A new dress code policy by Bier Markt has been scrapped, the CBC reports. This past October 5 the beer garden concept replaced gender-neutral uniforms at seven restaurants in Toronto, Ottawa, and Montreal with sexually suggestive outfits for female servers—a short, sleeveless blue dress, heels or boots, with no jackets, sweaters, or thick tights. Male servers were told they could don denim pants, and button-down shirts.
Tierney Angus, a server at a Bier Markt in Toronto, led the charge against the dress code policy: "I was upset that I had to squeeze my body into something that small. The material is almost bathing suit-like. It is very tight, very skimpy. I went up a size and my boyfriend commented he could see my tailbone through it." Angus divulged to reporter Rosa Marchitelli that after more than 40 female Bier Market employees filed complaints with parent company Cara Operations, they were sent this response: "The uniforms were based on our brand and industry standards and are not intended to sexualize team members or to discriminate."
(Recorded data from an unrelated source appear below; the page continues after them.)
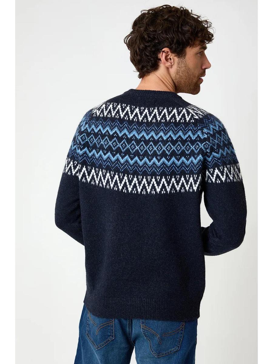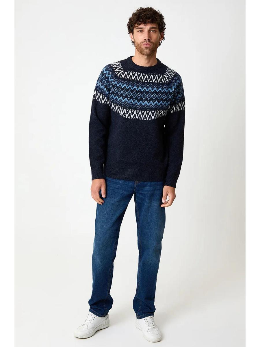 Get in the festive spirit this season with this knitted crew neck jumper from Threadbare. With a ladderback jacquard fairisle pattern across the chest and back, this raglan sleeve jumper has a crew neck, and ribbed cuffs and hem for comfort. Made from a blend of yarns with a touch of wool, this cosy jumper is an essential for your knitwear collection. Pair with your favourite Threadbare coat, jeans and boots for an outfit perfect for the Christmas markets.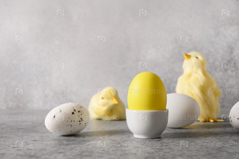 Пасхальная композиция с желтыми яйцами и цыплятами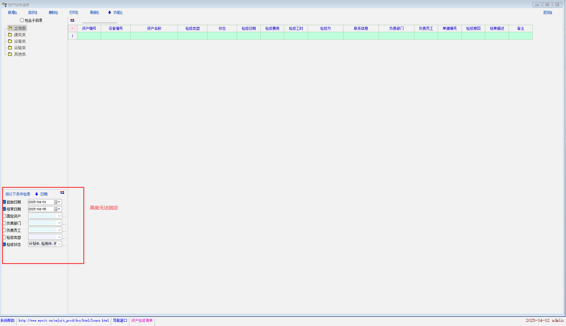 2:资产检修页面检索栏无法保存固定高度,重新登陆又回到默认状态高度

Management insisted to the CBC that the uniforms were selected to reflect Bier Markt's "stylish image", but felt sufficiently pressured to reverse the company's stance on the dress code. The result: Bier Markt's mandated male uniform is now unisex. Probably a wise move on Cara's part, and not just to mitigate a PR disaster. Employment lawyer Barbara Green, whom Angus hired, told the CBC that the company's dress code may have run afoul of the Ontario Human Rights Code. "Women's bodies shouldn't be used to sell burgers and beer at restaurants. It's completely inappropriate."